From: Doug Ewell (email@example.com)
Date: Tue Oct 29 2002 - 12:04:26 EST
William Overington <WOverington at ngo dot globalnet dot co dot uk>
> I do note however that review 3 refers to a document which is only
> available to Unicode Consortium members, which seems a strange thing
> if views of interested individuals are being sought.

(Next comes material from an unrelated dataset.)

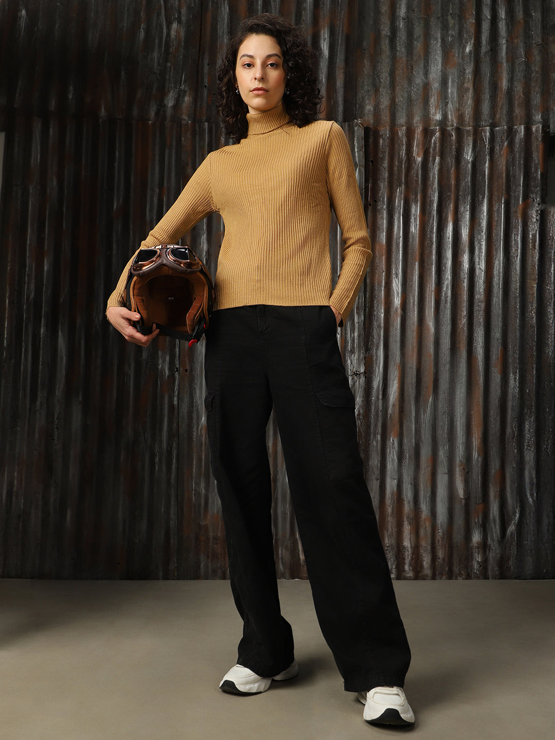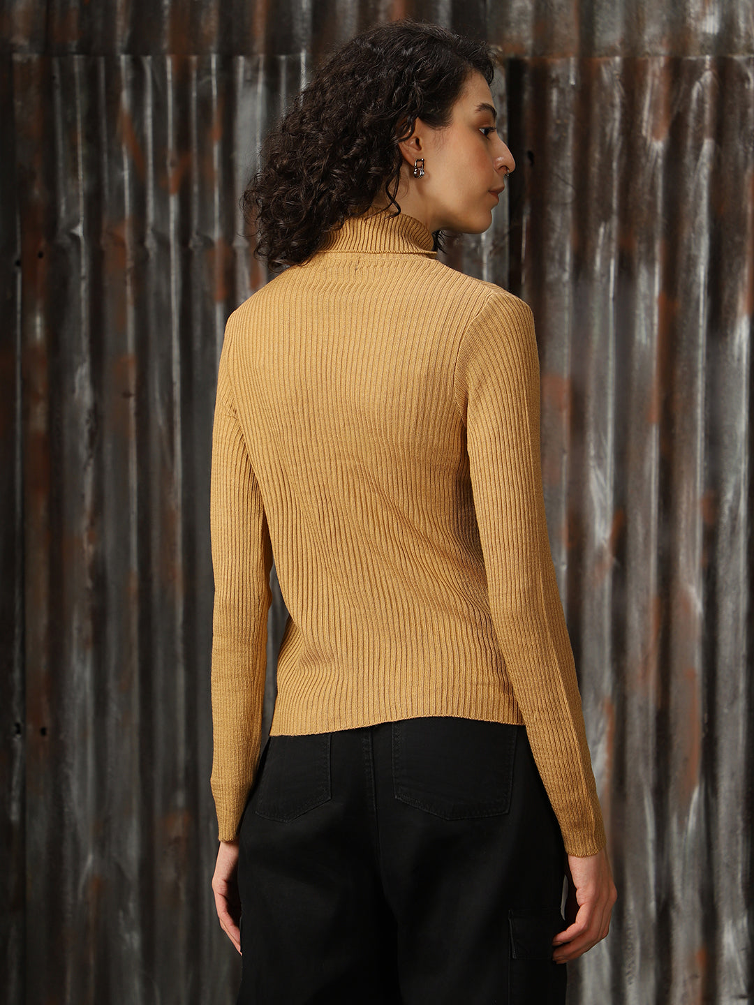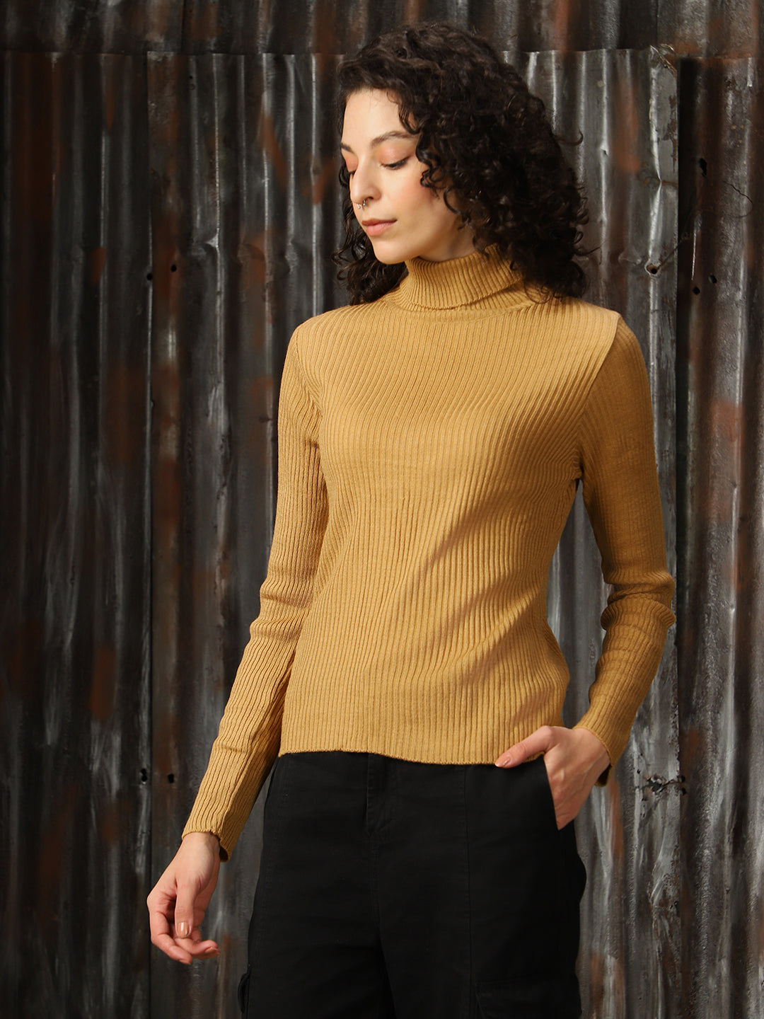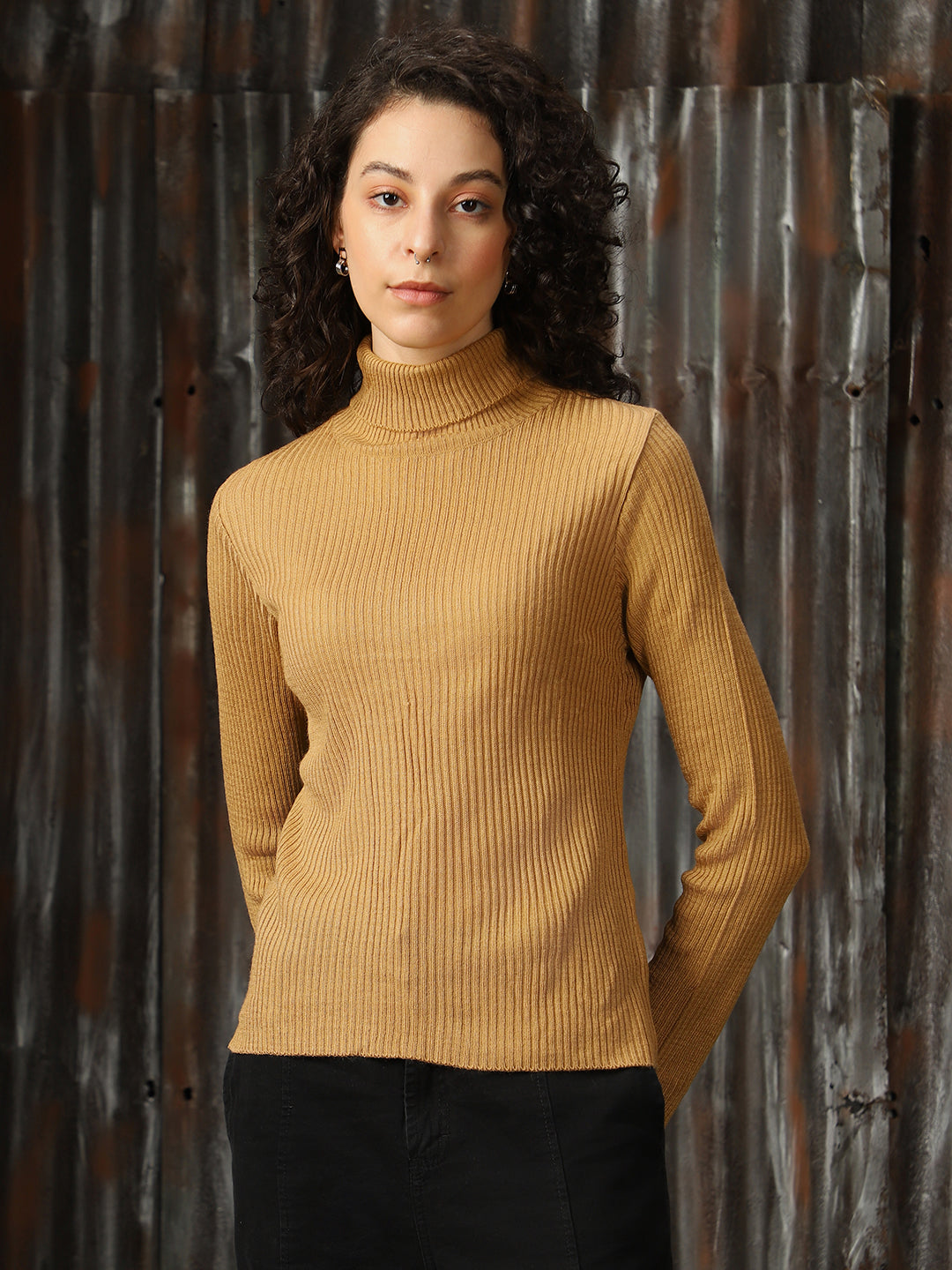 Women Turtle Neck Solid Ribbed Pullover

> Also, it is a pity that this new era of Unicode glasnost (displayed
> with a ligature? :-) ) comes so shortly after the last Unicode
> Technical Committee meeting the minutes of which state the consensus
> about no more ligatures being added to the U+FBxx block. Surely the
> matter of ligatures would be a good topic upon which to conduct such
> a public review.
No, it wouldn't, and here's why:
There is a concept in Unicode called "normalization" in which certain
characters or sequences are considered to be equal to other characters
or sequences for comparison purposes. Using this concept, a capital A
plus a combining acute accent (U+0041, U+0301) can be considered
equivalent to a precomposed A-with-acute (U+00C1). See Unicode Standard
Annex #15  for more information.
It's important to realize that the *whole reason* this mechanism exists
is because of the precomposed ligatures and letters-with-diacritic and
compatibility characters in Unicode. If there were only one way to
express the concept of "A with acute" in Unicode, there would be no need
Industry standards, such as the forthcoming Internationalized Domain
Name Architecture, depend on normalization to ensure that users don't
get unexpected mismatches between "A plus combining acute" and
"precomposed A-with-acute." And because these standards and their
implementations are built to specific versions of the Unicode Standard,
they require stability in the normalization process.

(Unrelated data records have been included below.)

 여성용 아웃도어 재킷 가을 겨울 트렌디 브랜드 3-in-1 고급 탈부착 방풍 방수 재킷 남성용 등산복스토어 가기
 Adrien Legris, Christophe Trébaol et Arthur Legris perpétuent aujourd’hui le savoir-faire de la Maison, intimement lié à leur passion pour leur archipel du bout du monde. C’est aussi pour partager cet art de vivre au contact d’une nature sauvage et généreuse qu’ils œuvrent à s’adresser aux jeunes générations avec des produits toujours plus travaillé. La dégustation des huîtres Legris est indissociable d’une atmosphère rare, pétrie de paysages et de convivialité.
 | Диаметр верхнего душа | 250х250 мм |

If a new precomposed ligature "character" were added to Unicode, there
would now be two ways of "spelling" a sequence that supposedly only had
one spelling. Let's suppose, JUST FOR ILLUSTRATION, that Unicode added
a "ct" ligature at U+FB07. Now there would be two ways of writing the
sequence "ct": with the regular Latin letters (U+0063, U+0074) or with
the ligature (U+FB07). But none of the existing normalization tables
would equate these two, because the ct ligature did not exist in the
(previous) version of Unicode that was used to create the normalization
table. Thus normalization would work in some cases but not others,
which would make the whole concept unstable and unpredictable and
That is why Unicode and WG2 have a policy  against adding new
precomposed ligatures and letters-with-diacritic, to the U+FBxx block or
anywhere else. They would break the stability of normalization, a
concept whose entire value lies in its stability. That is why the "ct"

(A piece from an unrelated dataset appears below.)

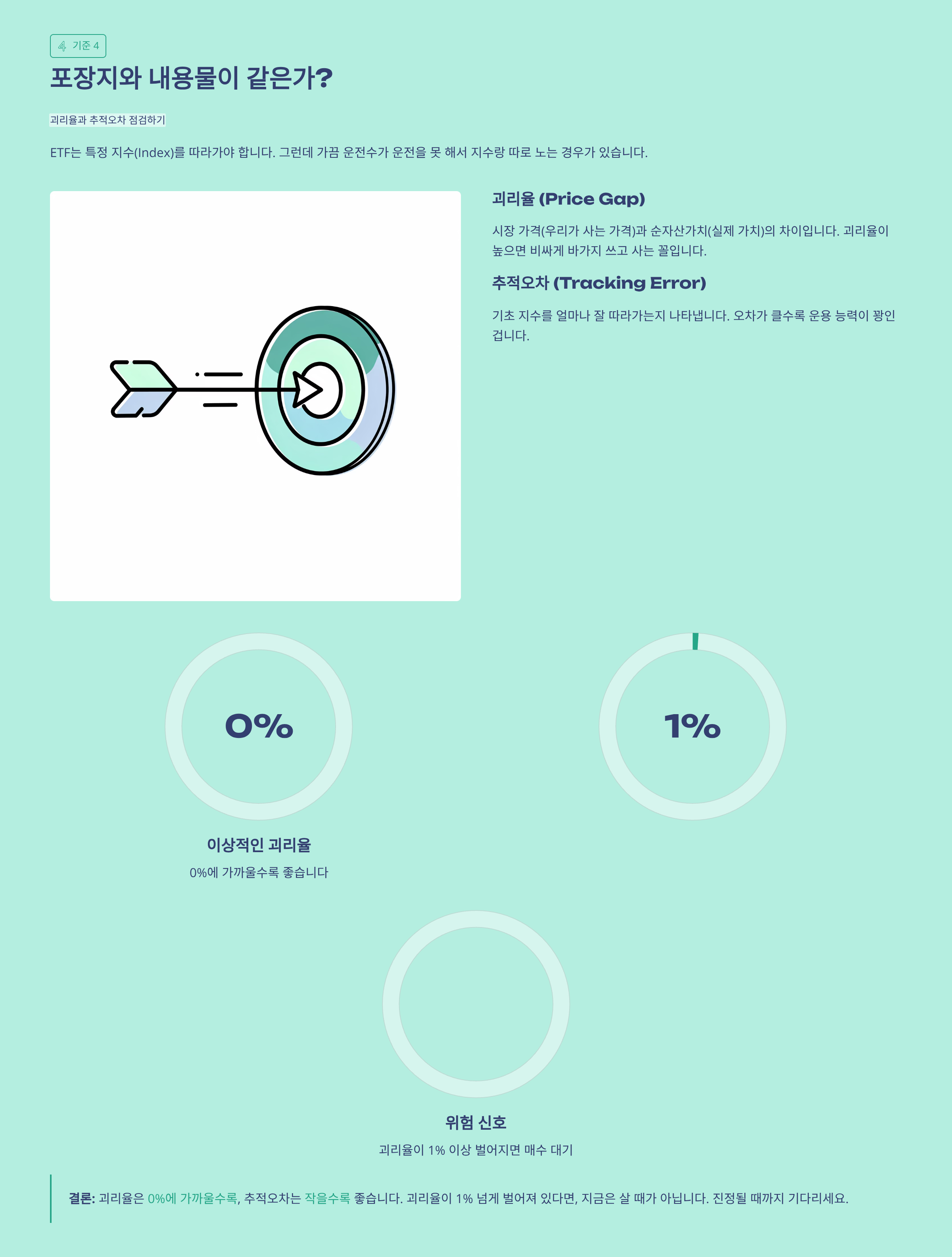 - 기준 4: 포장지와 내용물이 같은가? (괴리율과 추적오차)

ligature will not be added at U+FB07, and that is also why the National
Taitung Teachers College will not see their 42 precomposed Latin letters
added to Unicode. It is a good, sensible, well-thought-out policy that
will not benefit from public review.
Now, the Plane 14 language tag characters are a different matter
entirely. There the UTC proposes not to add something in violation of
its existing policy, but to formally discourage something that was just
added only a couple of years ago. I am actually arguing for *greater*
stability in the Unicode Standard, by arguing against the process of
adding and then immediately deprecating features like language tags.
(That is not my only argument for Plane 14, but it is one.)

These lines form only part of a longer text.